■ TASK ITEM ■
Do not copy the pictures. Write out the lines from the start of the entries through the line containing "中古厨房 業務用 リンナイ".

■ DATASET RECORDS ■
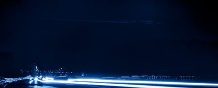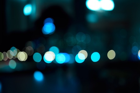 Beautiful and different bokeh lights of the night city in classic blue color.
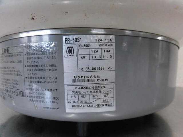 中古厨房 業務用 リンナイ ガス炊飯器 RR-50S1 都市ガス 5.5升 10L 卓上 圧電式 立消え安全装置付 W550×D400×H450mm 2018年製
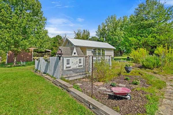 1,040 SqFt Main house with 708 SqFt guest space offers a total of 1,748 SqFt of living space!! Welcome to your country home on 12 acres in East Texas. This home has been completely updated, keeping its country charm with the addition of modern luxuries. You will feel right at home as you walk into the bright and airy living room with can lighting, crown molding and plantation shutters. The entire home has luxury and long lasting wood look tile flooring. Prep your family meal in the kitchen dining combo with leathered granite countertops, wine cooler fridge and large picture window overlooking one of the many gardens. The 2 bedrooms share a custom bathroom complete with an antique cast iron claw foot tub and shower combo. In addition to the main home this property boasts an additional living quarters above the 3 car garage. This 708square feet flex space includes a living room, large bedroom, and bathroom with separate shower, dual vanity and jetted soaking tub. Other buildings on the property include a 31'x 54' storage barn, custom matching chicken coop and greenhouse or art studio. A well house keeps the extensive 2 sprinkler systems that cover both the vast yard and gardens. In addition to flower gardens the property has blackberry and blueberry bushes, grapes, figs, and fresh herb gardens. Entire property is fenced and cross fenced. Call to schedule your showing today!
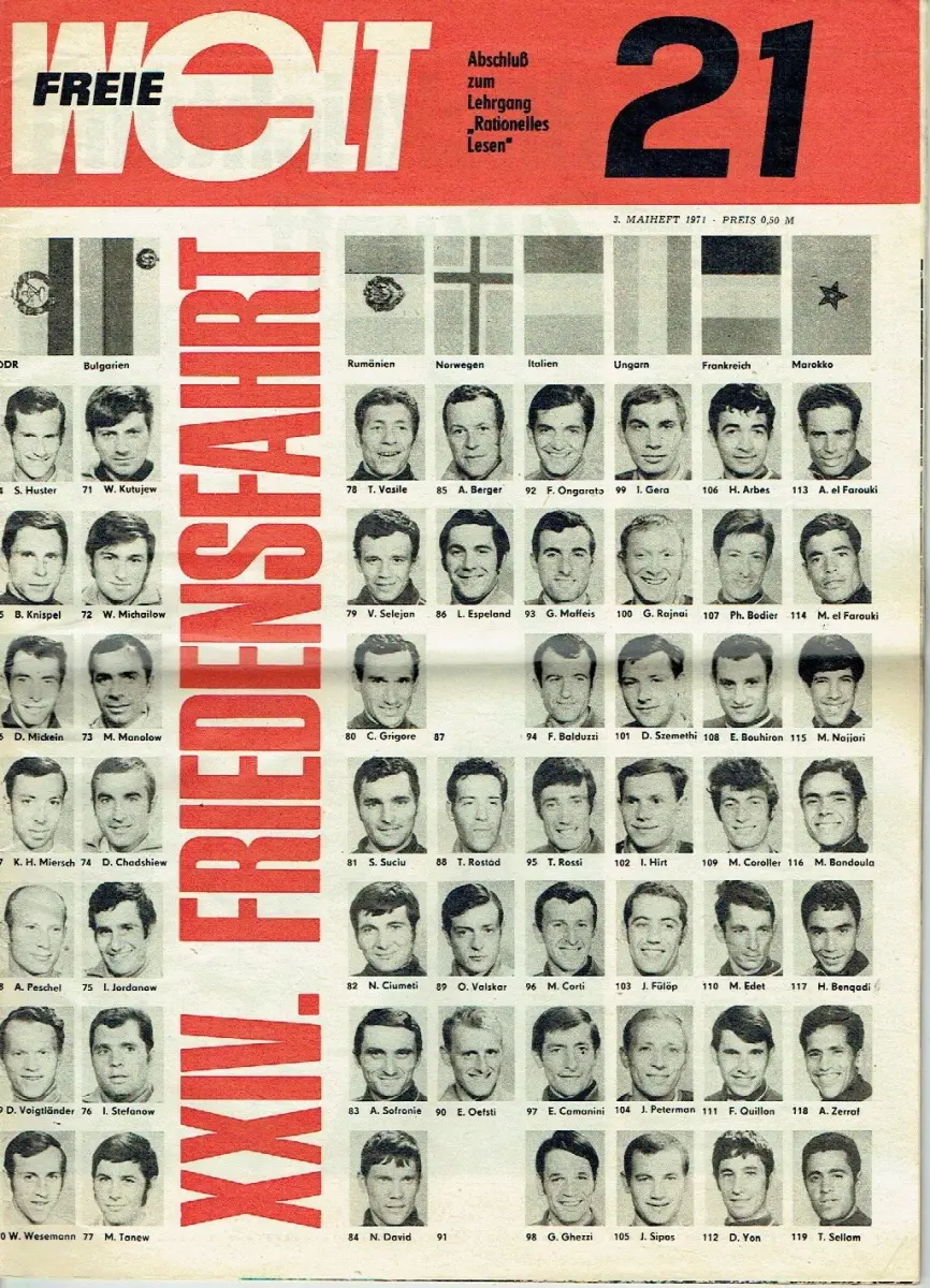 guter bis sehr guter Zustand, geringe Gebrauchs- und Alterungsspuren: Papier teils etwas vergilbt, aber Seiten sauber und ordentlich - teils etwas eselsohrig - kleine Blessuren - mittig quer gefalten, Zeitung der DDR enthält u. a. Reklame, Romane, Kurzerzählungen, Rätsel, Karikaturen, Reportagen, Artikel über DDR-Politik, Sport und Leben, Technik und Wissenschaft, Reportagen aus der deutschen, sowjetischen und internationalen Geschichte und dem Fernsehprogramm der Woche etc. hier zusätzlich auf den beiden Umschlagseiten kleine Fotos aller Teilnehmer der Friedensfahrt, Softcover, ca. 26 x 36 cm, 40 Seiten mit zahlreichen Bildern
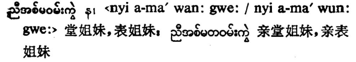 | 3 | ညီအစ်မဝမ်းကွဲ 已经复制 |
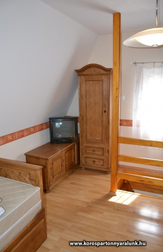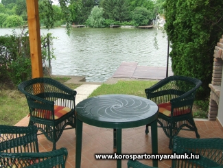 4+2 férőhelyes légkondicionált nyaraló, 100 négyzetméteres zárt udvarral. Az emeletes épülethez tartozik nappali felszerelt konyhával, fedett terasz és onnan nyíló fürdőszoba, tetőtérben négy főre ágyazási lehetőség. 10 méter széles kiépített part nagy stéggel, csónakkal, bográcsozóval-grillezővel. A Körös 80 méter széles a nyaralónál, jó horgászási lehetőséggel. Az utca felőli részen parkoló, az udvaron egy személyautó parkolására alkalmas zárt parkoló. Pároknak, kis családoknak, horgászoknak ajánlom a nyaralót.
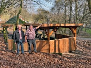 Foto: Neues Dach und Seitenwände am Grillplatz im Wiebesiek. Hans-Dieter Bähr und Wilfried Gerkensmeier von der Vereinsgemeinschaft freuen sich über den neuen Holzbau.
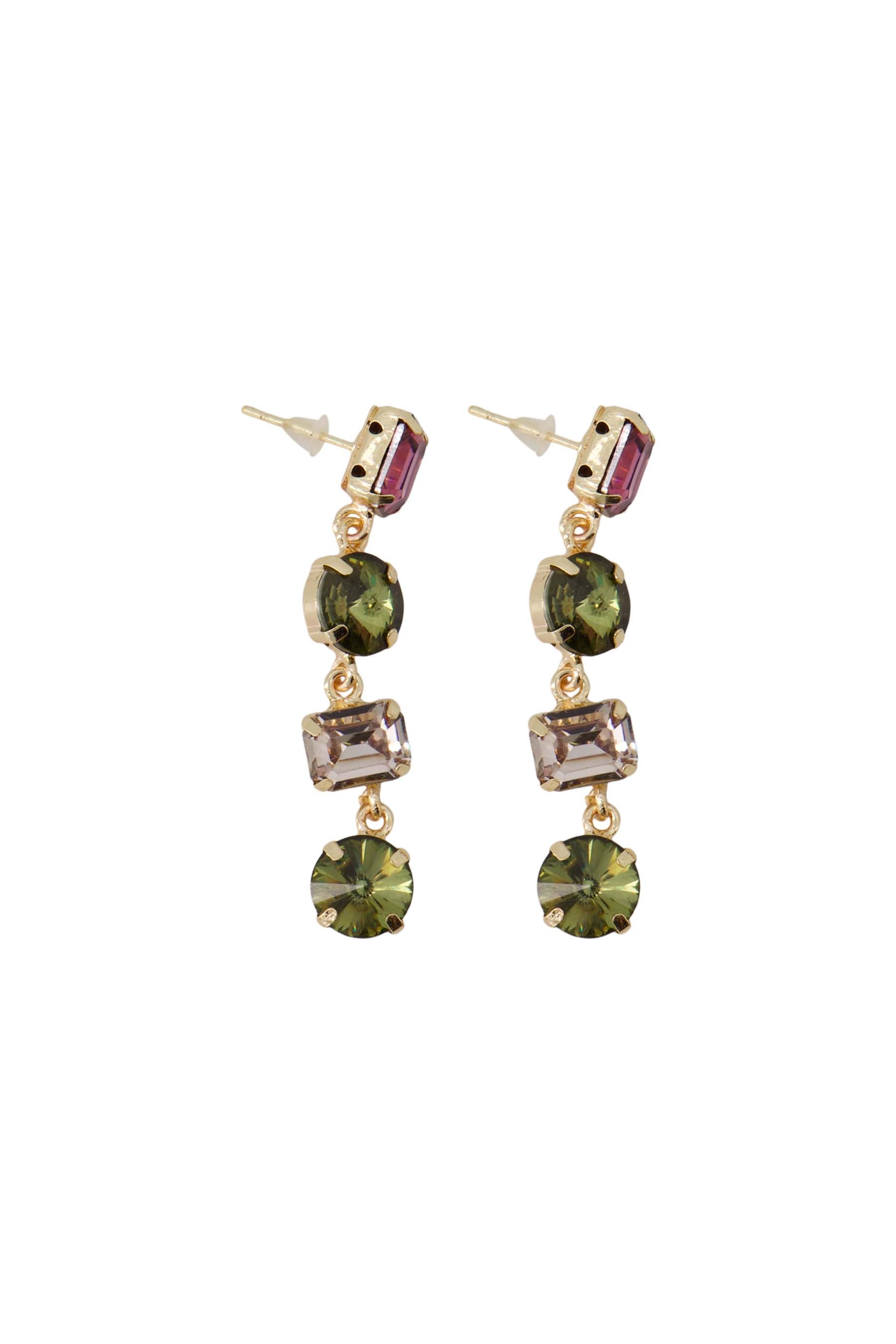The Zusss earrings with colored stones are a subtle eye-catcher. These veil earrings have a gold-colored base with different colored stones that glisten softly. Because of their fine length and playful appearance, they fit various looks. The combination of the gold and multicolor stones makes them perfect for both casual and somewhat festive occasions. Easily add some color and elegance to your outfit with these charming earrings.
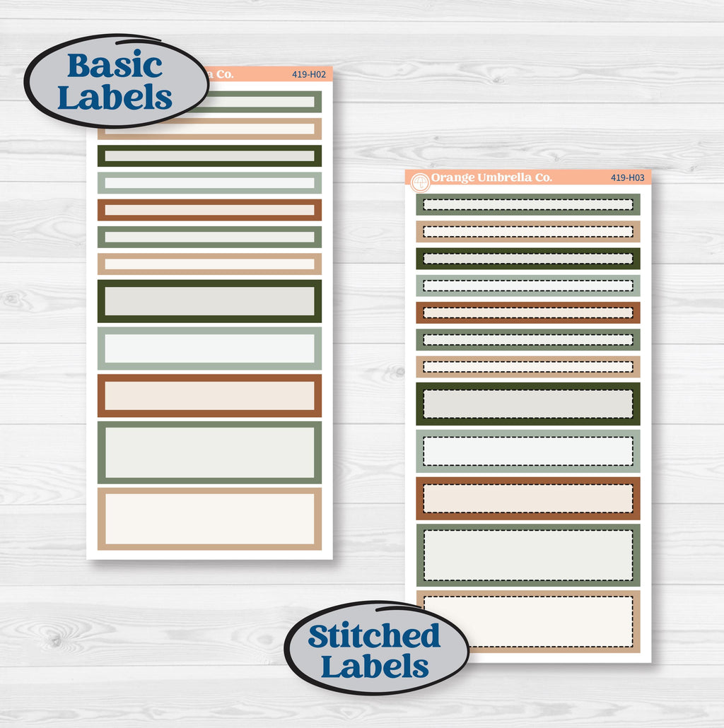 7 one line labels: .28β x 3.15β, 3 two line labels: .57β x 3.15β, 2 three line labels .85β x 3.15β
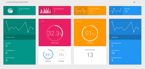 ezStackr Cloud Appliance offers a very simple to use VM management interface. We represent all the cloud resources graphically. Using the Control Panel of the VM, you can easily operate the virtual machines that are running in the appliance. Adding of resources like network adaptors and console is just a click away.

■ COMPLETED EXERCISE ■
 Beautiful and different bokeh lights of the night city in classic blue color.
 中古厨房 業務用 リンナイ ガス炊飯器 RR-50S1 都市ガス 5.5升 10L 卓上 圧電式 立消え安全装置付 W550×D400×H450mm 2018年製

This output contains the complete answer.